Java Development News:

Twitter data analysis helps beginners learn HBase, expert says

By Caroline de Lacvivier

28 Mar 2014 | TheServerSide.com

HBase is one of the fastest changing open source projects on the planet, according to Sameer Farooqui, freelance big data consultant and trainer. "The challenge, right now, is [that] when you learn HBase, you've got to keep up with all the rapid changes happening all the time." Developers that want to master HBase will have to commit to an ongoing process that has a lot of moving parts and time-sensitive learning materials.

Farooqui is helping to bring clarity to this complex distributed database at Big Data TechCon 2014, where he will be hosting a session called "Analyzing Tweets with HBase." Twitter's simple application programming interface and openly available user information makes it a convenient teaching tool and an ideal data set for analysis. "You can do a lot of things with it: anything from natural language processing to figuring out the subject of the Tweet to watching some message spread across the planet by looking at the geographic coordinates."

Be ready to commit to at least a month or two of pretty much focused effort to learn it.

Sameer Farooqui,
big data consultant and trainer

That said, the primary objective of the session is to learn HBase fundamentals, a worthwhile skill for any developer working with big data.

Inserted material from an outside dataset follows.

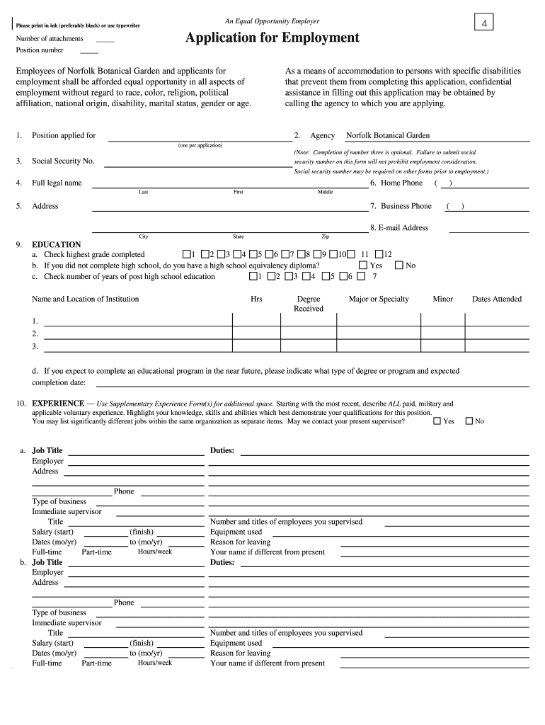 An Equal Opportunity EmployerPlease print in ink (preferably black) or use typewriter4Application for EmploymentNumber of attachments

The pros and cons of learning HBase

HBase will be particularly interesting to those working with large amounts of data over a long period of time. Farooqui chose this technology, in part, because its high scalability could withstand Twitter's massive data set. "The largest HBase clusters are more than a thousand nodes tied together, and they're storing more than a petabyte of data in one single HBase cluster," Farooqui explained. "If you do eventually start opening up the Twitter firehose and dumping data into HBase, it would take a really long time before you fill up HBase's capabilities. A lot of other databases crumble long before that."

HBase doesn't actually require a deep, relational database background but, according to Farooqui, it does help to have a general systems background. For one thing, HBase does not require SQL, so being a relational database expert won't necessarily serve those starting out with HBase. Since it is a distributed database, it would help developers go into the learning process with some operations know-how. "It's a distributed database where hard drives might fail, servers might fail, switches might fail, and I think the background that's best for people to come from is hybrid development and operations."

Farooqui described HBase as a generalist's game, best for developers with wide-ranging experience. It would help to have a background in Java, Python, Linux, TCP, mounting file systems and diagnosing networking issues. "It's best for people who have a diverse IT background, and they're not really intimidated by jumping into any one of the deeper layers of HBase," Farooqui said.

That said, the best way to learn HBase is mainly through rigorous and ongoing commitment to the learning process. "Read as much as you can. Watch as many YouTube videos as you can, and go to as many in-person meet-ups as you can. Be ready to commit to at least a month or two of pretty much focused effort to learn it," Farooqui advised. He went on to caution developers against simply learning the data model. HBase is more complex than a receptacle in which to dump data. "You really have to understand the engine and its architecture and how the data gets stored all the way down to the disk."

Cassandra is HBase's most prominent competitor. It is one of the only other NoSQL databases that scales as well as HBase and has also reached around 1,000 nodes in production. However, the benefit of Cassandra is that it is simpler to use and therefore widely adopted. "The problem is, HBase has a lot more moving parts. There's a lot of complexity, more points where it can break." Farooqui advised companies looking to launch a big data project to start with Cassandra and then move to HBase, if the need arises.